Há uma concentração de restaurantes que apostam na escolha livre no bairro paulistano da Liberdade, de inspiração oriental. Mas há locais em regiões como o elegante Itaim, a exemplo do Watanabe, que investem em criações com toques contemporâneos do chef Denis Watanabe e de seu braço direito, Eduardo Takeshi. “A procura pelo omakase vem aumentando muito”, diz Takeshi. “Temos clientes que vêm aqui regularmente só para provar as novidades.” A Casa Ueda, no Rio de Janeiro, também tem chamado a atenção. São geralmente restaurantes mais caros, de tíquete médio mais alto — um omakase pode custar de 400 reais a mais de 1 000 reais por pessoa, sem contar a harmonização, muitas vezes feita com saquês artesanais. Não à toa, até o final de 2020, quando o Guia Michelin, o mais prestigioso do mundo, avaliava os restaurantes de São Paulo e Rio de Janeiro com suas cobiçadas estrelas, a lista era dominada por japoneses que ofereciam menus de confiança. Neste ano, após um período de ausência, o guia voltará a publicar seus escolhidos em março, e há grande expectativa pela consolidação do formato.
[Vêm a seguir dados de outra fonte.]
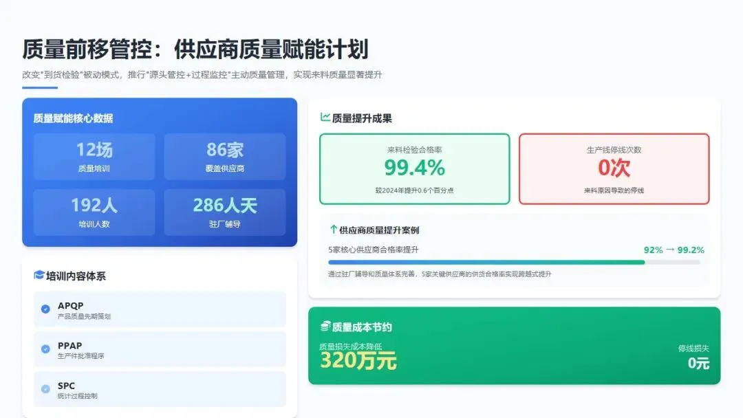 供应商质量赋能计划: 改变以往"到货检验"的被动模式,推行"源头管控+过程监控"的主动质量管理。全年组织供应商质量培训12场,覆盖86家核心供应商的192名质量管理人员,培训内容涵盖APQP(产品质量先期策划)、PPAP(生产件批准程序)、SPC(统计过程控制)等先进质量工具。对关键供应商实施驻厂辅导,全年派出质量工程师驻厂累计286人天,帮助5家供应商建立完善的质控体系,其供货合格率由92%提升至99.2%。

O termo, em si, é relativamente recente. Cunhado em 1967, só ganhou força em meados da década de 1990, quando clientes endinheirados passaram a frequentar restaurantes japoneses famosos e pagavam pela seleção de um especialista. O hábito de confiar no talento de quem prepara os sushis, contudo, é tradição antiga, que parecia ter sido engolida pela pressa do mundo, mas não. Poucos exemplos são tão famosos quanto o Sukiyabashi Jiro, de Tóquio, comandado pelo mestre Jiro Ono, hoje com 98 anos. Com apenas dez lugares, o espaço se tornou lendário ao oferecer refeições em etapas preparadas pelo próprio Ono. O então presidente americano Barack Obama esteve lá, em 2014, a convite do premiê Shinzo Abe, assassinado em 2022, e comprovou algo difícil de encontrar na política: a confiança é uma extraordinária experiência.